The road has always been central to the City’s layout. Six feet below its pavement lies the Roman Via Praetoria, which connected the Basilica at the centre of the fortress to the bridge over the River Ouse and the civilian settlement on the other side.
The Roman road may have given the street its name, although Francis Drake records in 1736: ‘It had this name given as is said from the vast quantity of stone lead through this street for the building of the cathedral’. Limestone for the construction of the Minster was indeed brought in from Tadcaster by river. Drake also records that, at the bottom of the street, was a spot called ‘cuckolds’ corner’ although he doesn't explain why.

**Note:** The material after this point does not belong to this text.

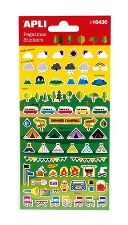 Zestaw naklejek Apli Kids z motywem kempingu. Doskonale sprawdzą się do ozdobienia zeszytów, książek, laurek, albumów, zaproszeń na urodziny, itp. Arkusz składa się z 73 matowych naklejek jednorazowego użytku. Zabawa naklejkami to świetny sposób na rozwijanie małej motoryki, pobudzenie kreatywności, pomysłowości i zdolności narracyjnych.

From the Middle Ages the top of the street fell under the jurisdiction of York Minster and was home to related trades and crafts. Goldsmiths, printers and glass painters all had their premises here and have left their mark over the centuries. No. 35 has stained glass in its fine windows. The Red Devil outside No. 33 is a traditional symbol of a printer and indicates the way to Coffee Yard where, in the eighteenth century, the eccentric writer and publisher Thomas Gent had his premises.
By the early 19th century Stonegate’s there was a wider range of shops, including the apothecary of a Mr Palmer, Mrs Hopton’s where corsets might be purchased, and Thomas Hardy’s, which sold gentlemen’s breeches. John Todd’s bookshop was at The Sign of the Bible, No 35. John Woolstenholme also sold books at the corner of Petergate and Minster Gates - you can still see the figure of Minerva above the door casing. In common with most booksellers he also sold other items – in his case, lottery tickets.